> [TASK STATEMENT] Print the records below exactly, from the line containing "Karnet drewniany C6" down to the line containing "Koncipirana kao kuća", both lines included, and omit every picture.

> [DATA LISTING]
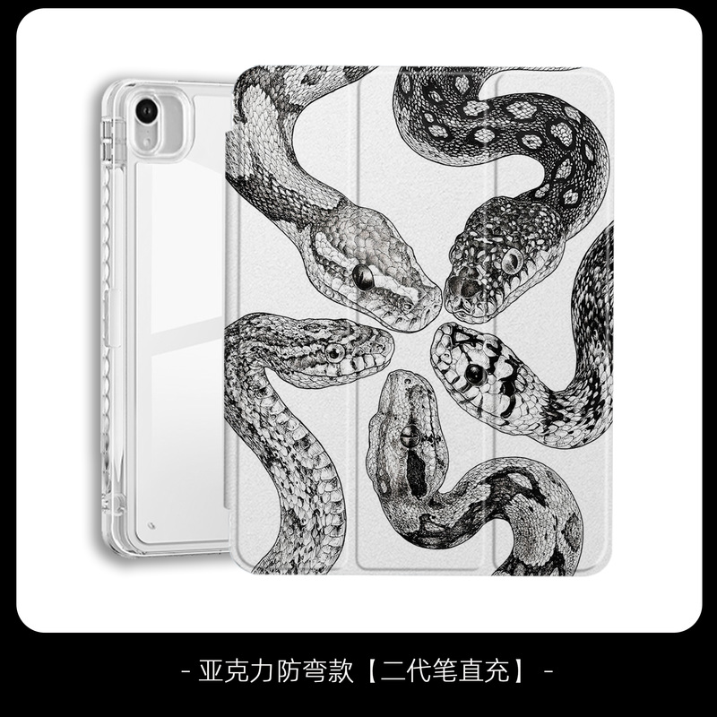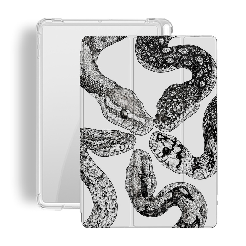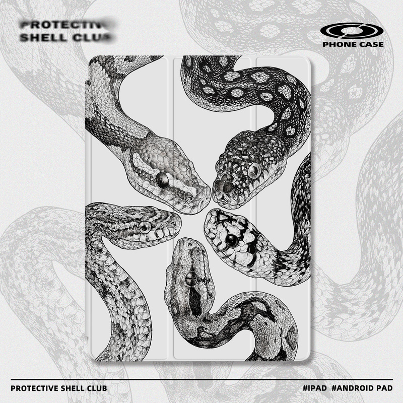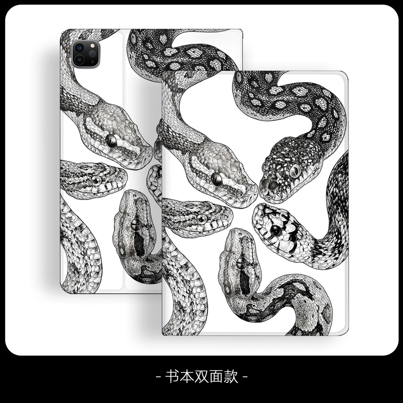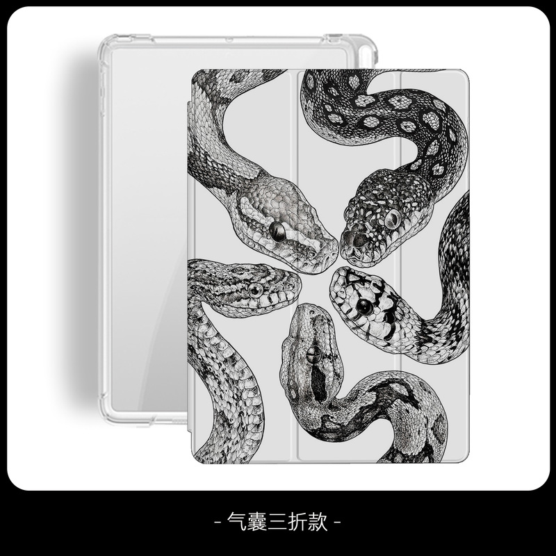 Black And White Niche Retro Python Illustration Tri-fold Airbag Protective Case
...
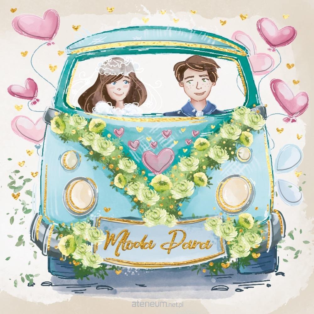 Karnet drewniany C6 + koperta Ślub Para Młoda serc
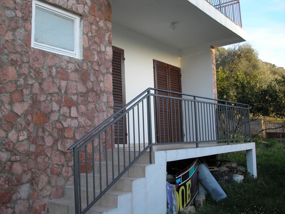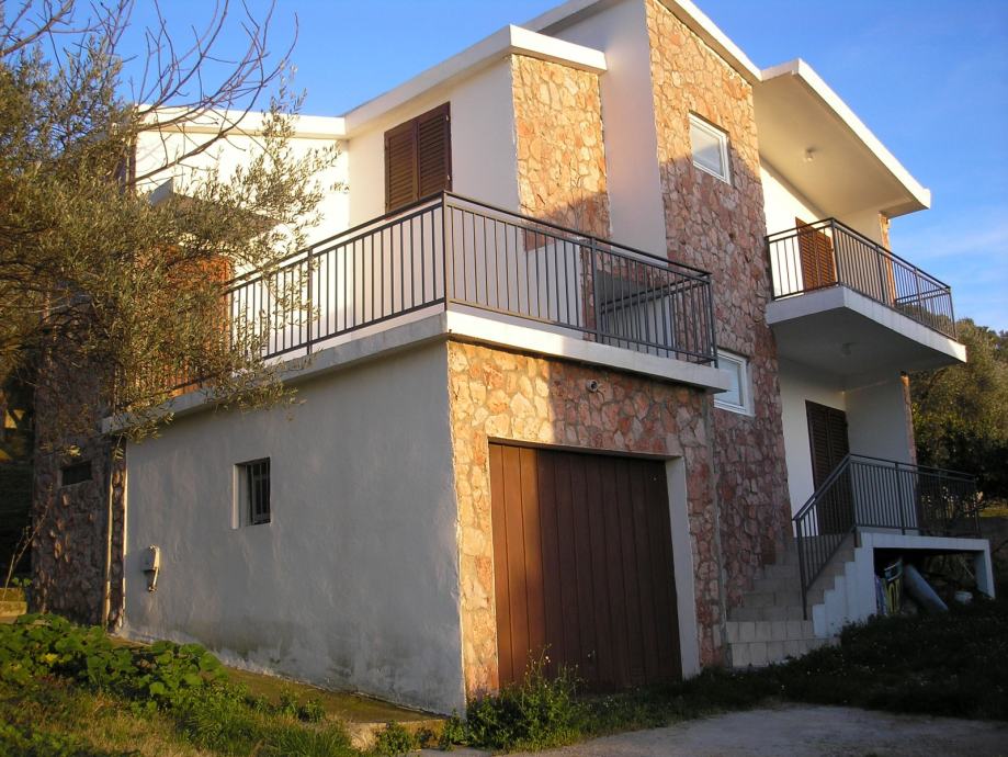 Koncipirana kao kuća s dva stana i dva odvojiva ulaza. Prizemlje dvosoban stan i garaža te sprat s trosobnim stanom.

> [EXERCISE SOLUTION]
 Karnet drewniany C6 + koperta Ślub Para Młoda serc
 Koncipirana kao kuća s dva stana i dva odvojiva ulaza. Prizemlje dvosoban stan i garaža te sprat s trosobnim stanom.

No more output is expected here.